Matéria frágil é o amor, amor.
Por exemplo: uma bomba nuclear e ele já era. Por isso todo casal deveria antes,
durante e depois de tudo ser amigo. Só a amizade e as baratas sobreviverão ao
fim do mundo do amor.Outra: encantamento é a coisa mais importante do mundo
(petróleo nada, os carros são movidos a encantamento). É claro que acho a
criatividade a coisa mais importante do mundo, mas vida deveria ser um pedaço
de criatividade cercado de encantamento por todos os lados. Quero dizer,
criatividade é a chama, conquanto encantamento é o fósforo, a caixinha, o
sambista… e o paiol.
Michelangelo sabia das coisas,
vide “A Criação do Homem”. Assim, todo teto é potencialmente uma Capela
Sistina. Em suma, encantamento é algo frágil. Encantamento é um bichinho de
pelúcia que fala, anda e sente e pensa. É uma pessoa de pelúcia. É a pessoa mais
linda do mundo de pelúcia. A pessoa mais linda do mundo nua e de polainas de
pelúcia. E te amando. Encantamento é tesão lírico – ou tesão e lirisimo. Mas é
frágil como qualquer coisa que morre. Cuide do seu encantamento sob risco de
virar cimento – ou rima vã. Aliteração – ou renavam. Enfim, figura de
linguagem, retórica, balela, baleia… Pois a sombra do encantamento é pesada e
esperneia. Esmaga sem maldade, mas esmaga, atropela, pisa. Tem gente que a
gente vê no olhar a sombra do encantamento repisando.

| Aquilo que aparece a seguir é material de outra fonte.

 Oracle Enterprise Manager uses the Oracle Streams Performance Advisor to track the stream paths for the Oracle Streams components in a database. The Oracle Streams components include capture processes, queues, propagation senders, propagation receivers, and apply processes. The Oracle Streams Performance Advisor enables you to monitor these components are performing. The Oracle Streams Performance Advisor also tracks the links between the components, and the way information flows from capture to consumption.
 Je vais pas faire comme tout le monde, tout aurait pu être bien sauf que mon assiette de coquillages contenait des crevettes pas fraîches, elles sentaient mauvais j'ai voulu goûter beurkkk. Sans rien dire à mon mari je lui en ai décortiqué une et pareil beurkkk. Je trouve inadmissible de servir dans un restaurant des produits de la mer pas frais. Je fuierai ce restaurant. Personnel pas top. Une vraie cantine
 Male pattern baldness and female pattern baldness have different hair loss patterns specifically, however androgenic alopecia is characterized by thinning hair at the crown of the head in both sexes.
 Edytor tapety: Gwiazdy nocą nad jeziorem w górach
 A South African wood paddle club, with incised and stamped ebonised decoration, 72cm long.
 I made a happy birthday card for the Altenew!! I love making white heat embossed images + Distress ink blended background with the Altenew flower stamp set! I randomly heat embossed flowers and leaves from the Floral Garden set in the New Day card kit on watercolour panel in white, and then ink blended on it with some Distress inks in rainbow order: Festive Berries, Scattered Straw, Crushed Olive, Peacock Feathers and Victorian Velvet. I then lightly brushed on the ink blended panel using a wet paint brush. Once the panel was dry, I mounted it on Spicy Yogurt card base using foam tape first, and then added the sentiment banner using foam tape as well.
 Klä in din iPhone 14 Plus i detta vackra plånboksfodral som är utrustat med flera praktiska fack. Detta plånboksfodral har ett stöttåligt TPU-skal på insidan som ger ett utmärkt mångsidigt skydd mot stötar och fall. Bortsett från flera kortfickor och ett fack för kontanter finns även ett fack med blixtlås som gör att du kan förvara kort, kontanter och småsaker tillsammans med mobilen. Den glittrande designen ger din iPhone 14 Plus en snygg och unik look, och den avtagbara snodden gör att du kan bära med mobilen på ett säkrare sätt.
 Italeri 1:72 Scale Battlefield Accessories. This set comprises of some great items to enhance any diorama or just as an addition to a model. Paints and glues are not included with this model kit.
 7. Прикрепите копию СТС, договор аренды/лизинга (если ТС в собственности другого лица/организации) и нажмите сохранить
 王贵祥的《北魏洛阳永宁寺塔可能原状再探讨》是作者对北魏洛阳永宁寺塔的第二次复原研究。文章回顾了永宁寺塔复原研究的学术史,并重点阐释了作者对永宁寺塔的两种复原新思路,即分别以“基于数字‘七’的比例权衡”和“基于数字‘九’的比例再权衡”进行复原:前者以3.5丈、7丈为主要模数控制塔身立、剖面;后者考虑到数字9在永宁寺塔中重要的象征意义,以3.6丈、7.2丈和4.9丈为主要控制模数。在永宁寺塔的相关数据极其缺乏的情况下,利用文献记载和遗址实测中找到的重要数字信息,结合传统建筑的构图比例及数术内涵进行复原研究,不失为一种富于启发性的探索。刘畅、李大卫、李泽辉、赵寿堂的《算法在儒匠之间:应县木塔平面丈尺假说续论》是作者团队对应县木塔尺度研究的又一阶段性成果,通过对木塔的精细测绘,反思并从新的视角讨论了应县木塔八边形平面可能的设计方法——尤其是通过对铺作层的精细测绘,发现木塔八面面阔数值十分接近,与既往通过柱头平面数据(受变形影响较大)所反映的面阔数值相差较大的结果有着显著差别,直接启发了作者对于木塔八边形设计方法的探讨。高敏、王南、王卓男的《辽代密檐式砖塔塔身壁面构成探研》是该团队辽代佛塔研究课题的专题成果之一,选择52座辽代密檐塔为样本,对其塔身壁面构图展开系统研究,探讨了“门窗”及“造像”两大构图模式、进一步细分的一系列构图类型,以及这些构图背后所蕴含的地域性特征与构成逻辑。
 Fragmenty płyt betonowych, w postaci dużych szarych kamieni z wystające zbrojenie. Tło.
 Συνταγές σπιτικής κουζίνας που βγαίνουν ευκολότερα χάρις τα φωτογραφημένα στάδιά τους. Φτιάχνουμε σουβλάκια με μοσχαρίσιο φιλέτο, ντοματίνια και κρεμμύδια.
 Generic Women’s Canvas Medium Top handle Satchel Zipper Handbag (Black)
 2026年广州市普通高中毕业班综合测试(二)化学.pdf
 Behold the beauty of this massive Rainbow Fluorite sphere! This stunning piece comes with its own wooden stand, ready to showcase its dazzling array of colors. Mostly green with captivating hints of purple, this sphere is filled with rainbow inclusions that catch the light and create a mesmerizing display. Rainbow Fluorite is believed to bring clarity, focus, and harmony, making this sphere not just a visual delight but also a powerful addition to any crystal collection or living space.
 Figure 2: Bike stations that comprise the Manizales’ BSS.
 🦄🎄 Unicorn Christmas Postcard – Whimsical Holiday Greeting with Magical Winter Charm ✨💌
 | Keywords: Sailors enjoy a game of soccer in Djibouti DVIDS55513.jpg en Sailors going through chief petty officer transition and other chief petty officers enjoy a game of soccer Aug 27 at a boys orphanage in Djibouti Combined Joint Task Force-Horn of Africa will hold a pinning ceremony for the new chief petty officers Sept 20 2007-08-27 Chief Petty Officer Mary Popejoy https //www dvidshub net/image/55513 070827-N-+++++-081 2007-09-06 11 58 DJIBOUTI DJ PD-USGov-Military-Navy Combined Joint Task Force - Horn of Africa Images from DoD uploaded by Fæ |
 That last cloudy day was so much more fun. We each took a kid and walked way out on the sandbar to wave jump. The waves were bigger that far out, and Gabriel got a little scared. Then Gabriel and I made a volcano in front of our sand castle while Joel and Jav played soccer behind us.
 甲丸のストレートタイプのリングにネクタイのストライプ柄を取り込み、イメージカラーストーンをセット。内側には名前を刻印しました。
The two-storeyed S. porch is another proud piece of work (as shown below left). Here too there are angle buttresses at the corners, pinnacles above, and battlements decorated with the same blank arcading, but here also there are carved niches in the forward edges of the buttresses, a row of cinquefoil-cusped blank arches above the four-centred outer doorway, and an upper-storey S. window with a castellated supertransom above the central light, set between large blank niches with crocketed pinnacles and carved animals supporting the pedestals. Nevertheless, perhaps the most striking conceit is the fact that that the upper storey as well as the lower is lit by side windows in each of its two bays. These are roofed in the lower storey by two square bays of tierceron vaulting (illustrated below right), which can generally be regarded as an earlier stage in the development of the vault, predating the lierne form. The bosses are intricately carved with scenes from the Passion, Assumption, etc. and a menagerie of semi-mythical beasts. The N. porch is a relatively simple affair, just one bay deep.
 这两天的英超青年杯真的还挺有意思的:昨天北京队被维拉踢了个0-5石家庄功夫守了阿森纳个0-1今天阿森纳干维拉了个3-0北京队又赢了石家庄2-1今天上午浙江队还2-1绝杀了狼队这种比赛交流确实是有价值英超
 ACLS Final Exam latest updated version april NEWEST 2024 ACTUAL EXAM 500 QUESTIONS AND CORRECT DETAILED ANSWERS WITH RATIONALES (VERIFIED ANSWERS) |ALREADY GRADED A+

Lembrei dos Paralamas: “Cuide
bem do seu amor”. Ao contrário dos filmes e do desejo popular, se tiver de ser
será, etc, o amor é o eterno pique até a porta do elevador fechando. Quer
dizer, torça para que tenha alguém lá dentro, que te ouça gritar “segura, por
favor!”, e, fundamentalmente, corra na direção dele(a).Porque amor é vida na
plenitude, assim, caminha para a morte, seu mar é o fim. Delicado jogo esse,
sobre o arame sobre o abismo sobre o poema sobre a página sob os olhos. Em que
aquilo é tudo na vida e ainda se tem a vida inteira – não no sentido de tempo,
mas espaço. Por isso o casamento é meia pedra no caminho andado para o andor de
barro da dor do fim do amor.
Há que se ter destreza para
equilibrar tantos contorcionistas chineses, bigornas de cristal, tratores de
papel, jumbos de mel… O amor é tão sinistro que te faz viver por contraste,
oximoro velhaco – vide o texto.O amor é o eixo da desmáquina. O amor é molhar a
mão. O amor é qualquer coisa que qualquer um escreva, enfim. E esse é o perigo.
E ainda bem. E ainda mal. E aí dá. Mas quem sou eu para falar de Roma?